_ASSIGNMENT_. Copy out all of the lines below exactly; the pictures do not belong in the copy.
========================
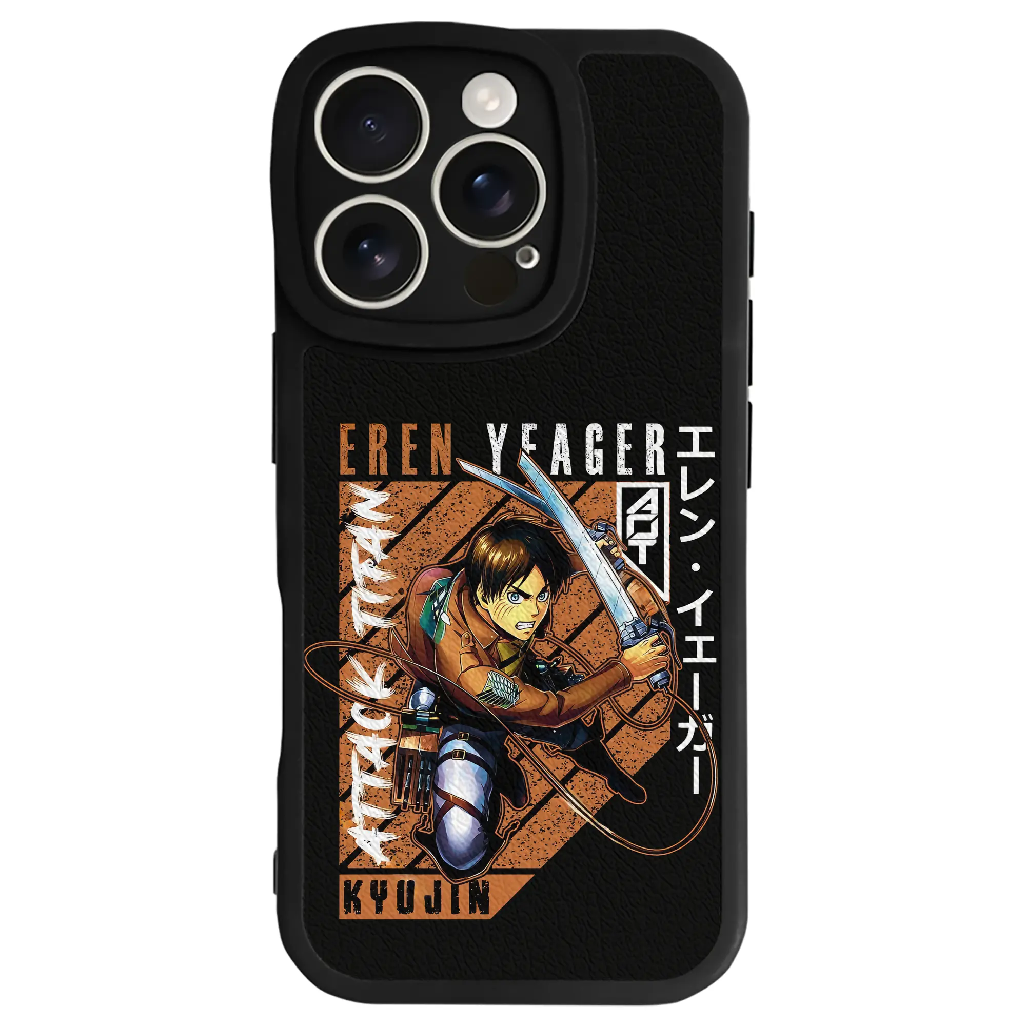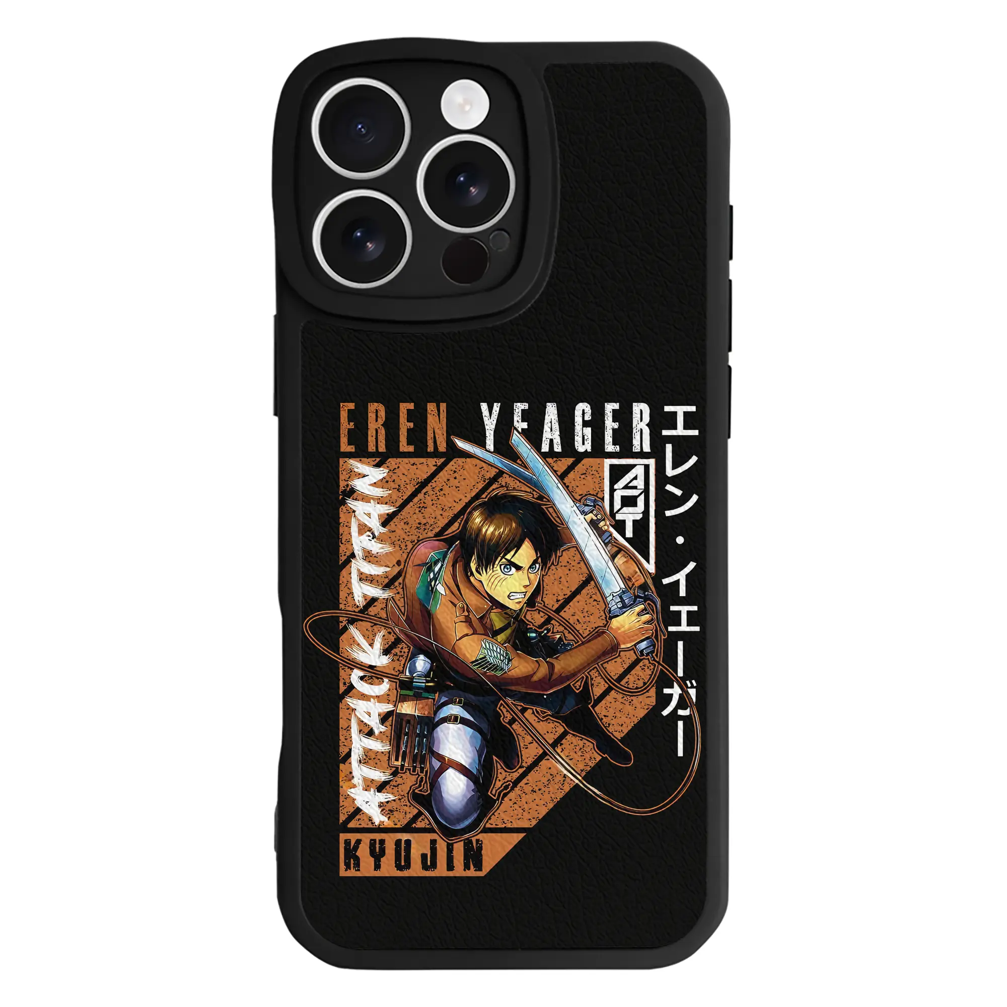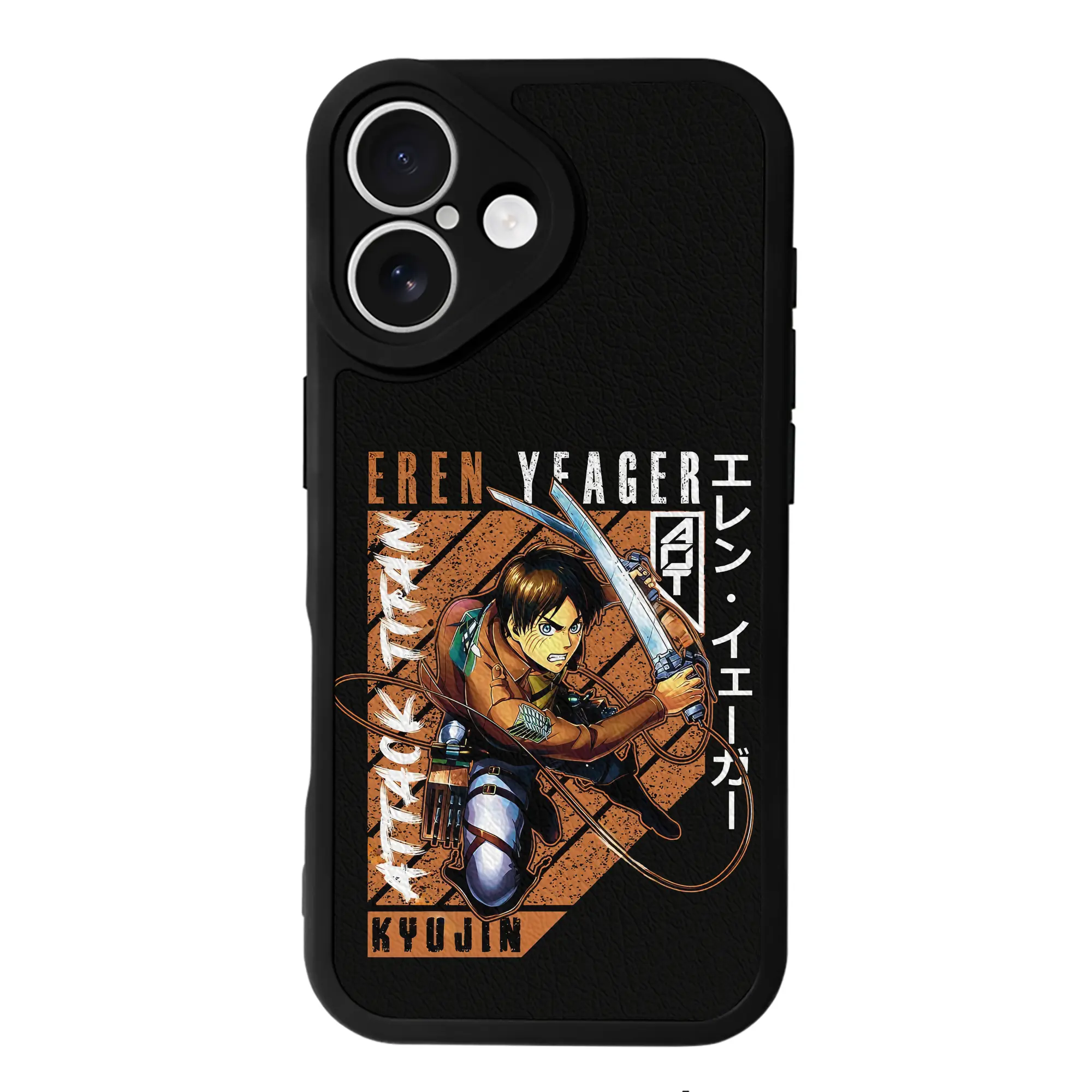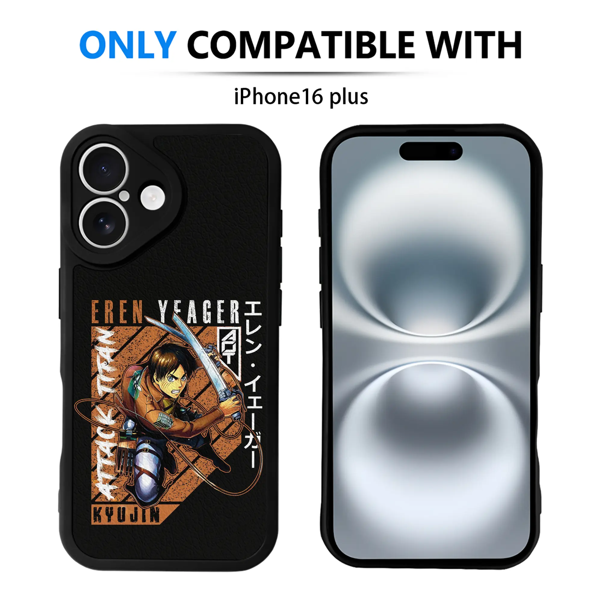 進撃の巨人 グッズ エレン・イェーガー - IPhone 16シリーズ対応 ・ シリコンスマホケース ・ レザー調 ・ 高精度フィット ・ 耐衝撃 ・ ワイヤレス充電対応 ・ 精密カット
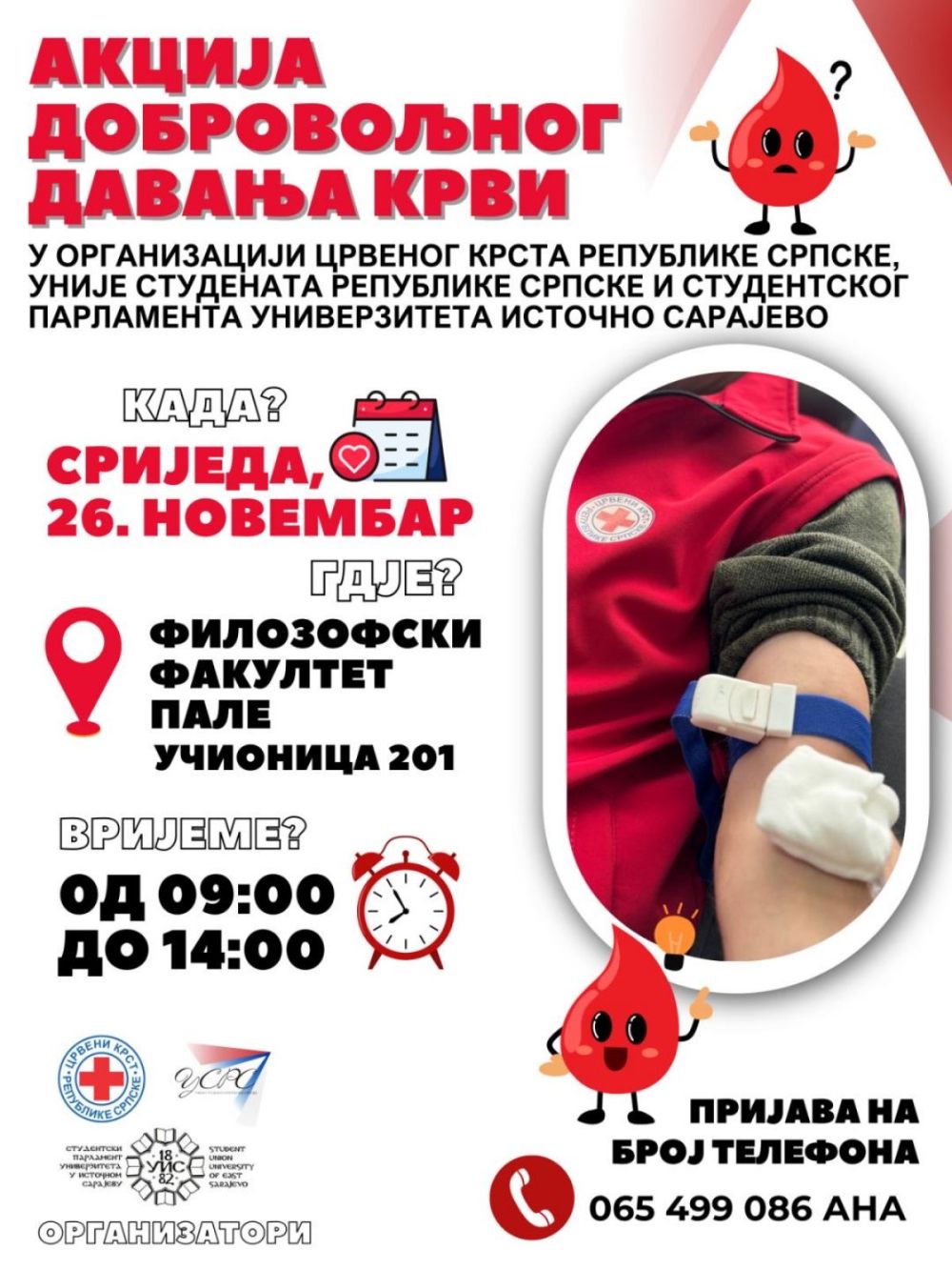 Crveni krst Republike Srpske, u saradnji sa Unijom studenata Srpske i Studentskim parlamentom Univerziteta u Istočnom Sarajevu, organizuje akciju dobrovoljnog darivanja krvi.
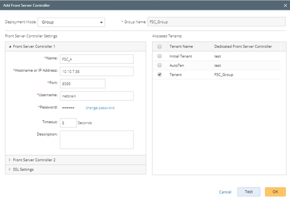 - In the Add Front Server Controller dialog, configure the settings for the Front Server Controller, and then allocate tenants to it.
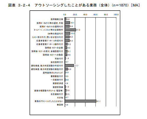 厚生労働省が公表している採用代行業務に関するデータでは、アウトソーシングを利用したことがある企業のうち、10.3%がスカウトメールの送信代行を活用していることが示されています。採用活動の外部委託が広がるなかで、スカウト業務の代行は定着しつつある選択肢のひとつです。
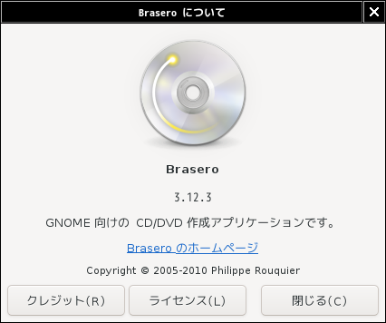 「Brasero」は、光学ディスク(CD・DVD)のライティングソフトです。
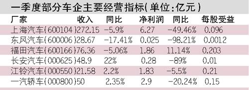 中國(guó)汽車(chē)工業(yè)協(xié)會(huì)的統(tǒng)計(jì)數(shù)據(jù)顯示,今年一季度汽車(chē)產(chǎn)銷(xiāo)256.76萬(wàn)輛和267.88萬(wàn)輛,同比增長(zhǎng)1.91%和3.88%。盡管結(jié)束了去年四季度銷(xiāo)量下降趨勢(shì),但從部分披露一季報(bào)的上市公司來(lái)看,由于一季度汽車(chē)銷(xiāo)量增長(zhǎng)主要是受小排量車(chē)和微客的帶動(dòng),而這兩類(lèi)車(chē)單車(chē)?yán)麧?rùn)偏低,利潤(rùn)豐厚的B級(jí)車(chē)出現(xiàn)了滯銷(xiāo)情況,導(dǎo)致大量車(chē)企出現(xiàn)“增產(chǎn)不增收”的怪現(xiàn)象,利潤(rùn)同比下降近五成,東風(fēng)和長(zhǎng)安的凈利潤(rùn)下降了八九成,只有個(gè)別企業(yè)出現(xiàn)一定車(chē)程度的增長(zhǎng)。
========================
_SOLVED EXERCISE_.
 進撃の巨人 グッズ エレン・イェーガー - IPhone 16シリーズ対応 ・ シリコンスマホケース ・ レザー調 ・ 高精度フィット ・ 耐衝撃 ・ ワイヤレス充電対応 ・ 精密カット
 Crveni krst Republike Srpske, u saradnji sa Unijom studenata Srpske i Studentskim parlamentom Univerziteta u Istočnom Sarajevu, organizuje akciju dobrovoljnog darivanja krvi.
 - In the Add Front Server Controller dialog, configure the settings for the Front Server Controller, and then allocate tenants to it.
 厚生労働省が公表している採用代行業務に関するデータでは、アウトソーシングを利用したことがある企業のうち、10.3%がスカウトメールの送信代行を活用していることが示されています。採用活動の外部委託が広がるなかで、スカウト業務の代行は定着しつつある選択肢のひとつです。
 「Brasero」は、光学ディスク(CD・DVD)のライティングソフトです。
 中國(guó)汽車(chē)工業(yè)協(xié)會(huì)的統(tǒng)計(jì)數(shù)據(jù)顯示,今年一季度汽車(chē)產(chǎn)銷(xiāo)256.76萬(wàn)輛和267.88萬(wàn)輛,同比增長(zhǎng)1.91%和3.88%。盡管結(jié)束了去年四季度銷(xiāo)量下降趨勢(shì),但從部分披露一季報(bào)的上市公司來(lái)看,由于一季度汽車(chē)銷(xiāo)量增長(zhǎng)主要是受小排量車(chē)和微客的帶動(dòng),而這兩類(lèi)車(chē)單車(chē)?yán)麧?rùn)偏低,利潤(rùn)豐厚的B級(jí)車(chē)出現(xiàn)了滯銷(xiāo)情況,導(dǎo)致大量車(chē)企出現(xiàn)“增產(chǎn)不增收”的怪現(xiàn)象,利潤(rùn)同比下降近五成,東風(fēng)和長(zhǎng)安的凈利潤(rùn)下降了八九成,只有個(gè)別企業(yè)出現(xiàn)一定車(chē)程度的增長(zhǎng)。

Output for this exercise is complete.